=== What you have to do ===
Give the data below again exactly as written, without its pictures.

Stored data:
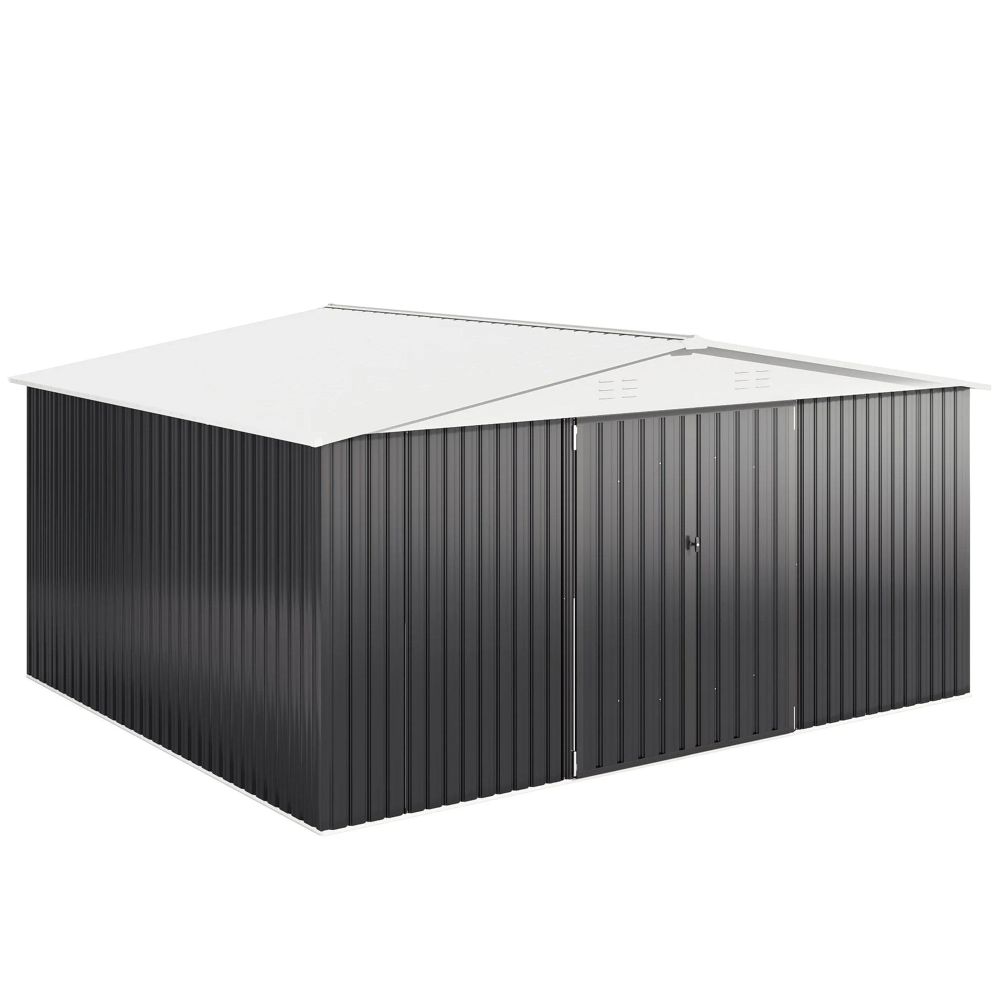 10x12/12x14FT Galvanized Steel Storage Shed Heavy Duty Lockable Hasp Door Black/White Roof Garden Tool Shed for Backyard Patio
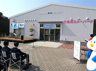 開業日となった28日にはオープニングセレモニーが行われ、市役所関係者や地元住民らが出席。市川雄次市長は「施設周辺を鳥海山を眺めながら楽しめる場所として整備してきた。カヌーパークを整備したことで、より多くのことを楽しめる場所になる」とあいさつした。その後、テープカットやご当地ヒーロー「超神ネイガー」との餅まきも行われた。
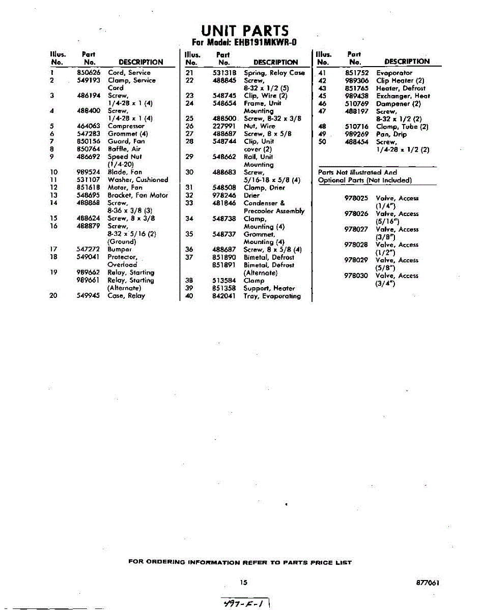 Parts for Whirlpool EHB191MKWR0: 15 - Section Parts
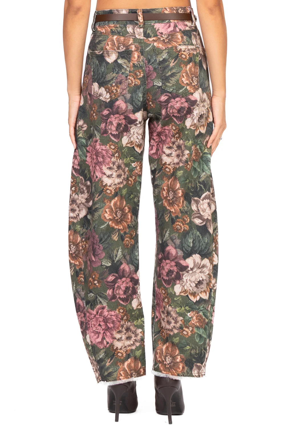 Tensione In - Jeans barrel floreale con cintura Art. W25P158
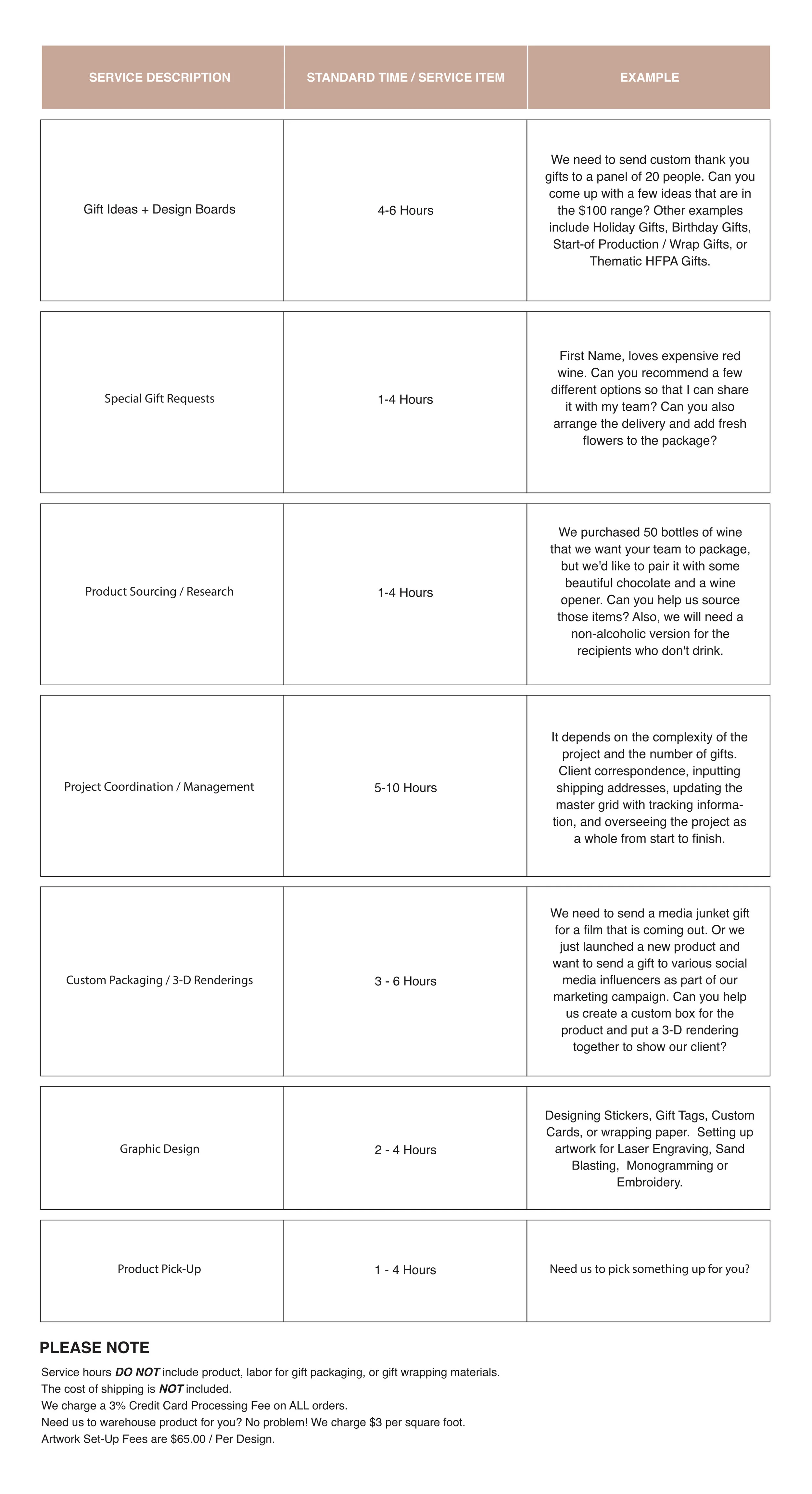 Here is a brief breakdown of how service hours are allocated. Every project is different, so we like to offer a range of how long tasks typically take to complete. Any unused hours will be rolled over and expire within 60-days. Additionally, we have provided examples to explain the different situations or cases where you may or may not need assistance with gifting. We have seen it all (dare, I say that), so nothing is not possible. Need help? Just email or call us directly. We are here to service you.
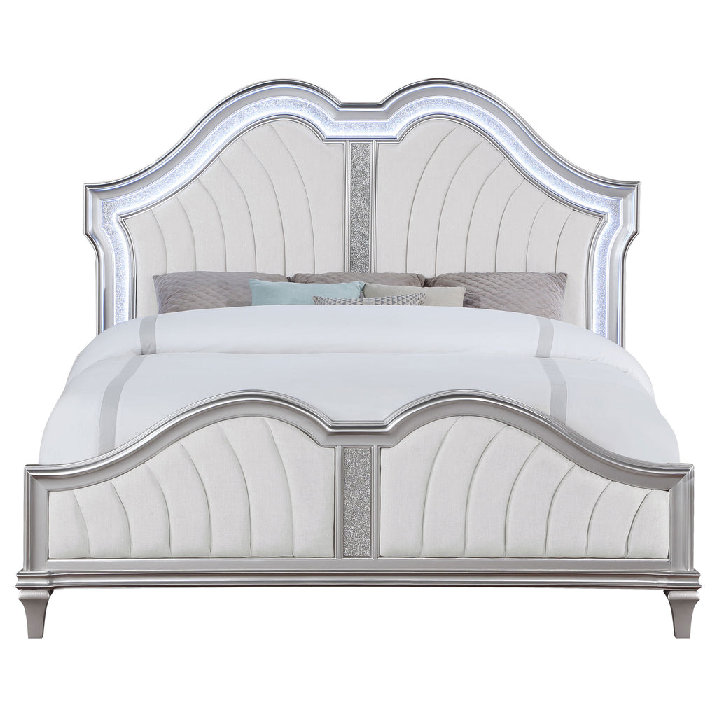 Blending modern design with luxurious details, this bed features a scalloped headboard and footboard wrapped in plush upholstery for a romantic, refined appeal. The soft ivory base, sleek silver accents, and integrated LED lighting create an elegant ambiance perfect for both classic and contemporary bedrooms.
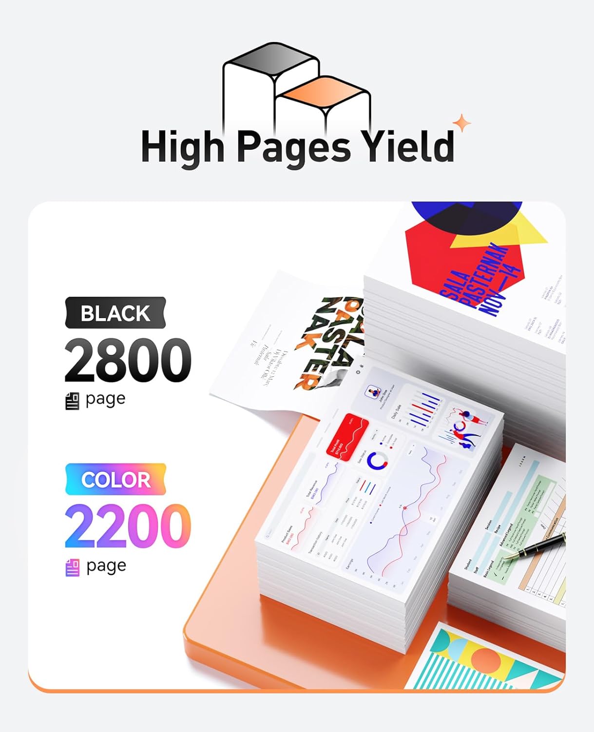 - Yield & Version: 2,800 pages for Black and 2,200 pages Color toner cartridge (A4, 5% Coverage), with High Yield Version 045H.
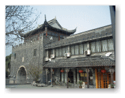 河には、屋形船が行き来しています。やっぱり中国風の屋形。寒山寺正面入口を見て左手には、昔風の商店街が続いています。

=== Result of the exercise ===
 10x12/12x14FT Galvanized Steel Storage Shed Heavy Duty Lockable Hasp Door Black/White Roof Garden Tool Shed for Backyard Patio
 開業日となった28日にはオープニングセレモニーが行われ、市役所関係者や地元住民らが出席。市川雄次市長は「施設周辺を鳥海山を眺めながら楽しめる場所として整備してきた。カヌーパークを整備したことで、より多くのことを楽しめる場所になる」とあいさつした。その後、テープカットやご当地ヒーロー「超神ネイガー」との餅まきも行われた。
 Parts for Whirlpool EHB191MKWR0: 15 - Section Parts
 Tensione In - Jeans barrel floreale con cintura Art. W25P158
 Here is a brief breakdown of how service hours are allocated. Every project is different, so we like to offer a range of how long tasks typically take to complete. Any unused hours will be rolled over and expire within 60-days. Additionally, we have provided examples to explain the different situations or cases where you may or may not need assistance with gifting. We have seen it all (dare, I say that), so nothing is not possible. Need help? Just email or call us directly. We are here to service you.
 Blending modern design with luxurious details, this bed features a scalloped headboard and footboard wrapped in plush upholstery for a romantic, refined appeal. The soft ivory base, sleek silver accents, and integrated LED lighting create an elegant ambiance perfect for both classic and contemporary bedrooms.
 - Yield & Version: 2,800 pages for Black and 2,200 pages Color toner cartridge (A4, 5% Coverage), with High Yield Version 045H.
 河には、屋形船が行き来しています。やっぱり中国風の屋形。寒山寺正面入口を見て左手には、昔風の商店街が続いています。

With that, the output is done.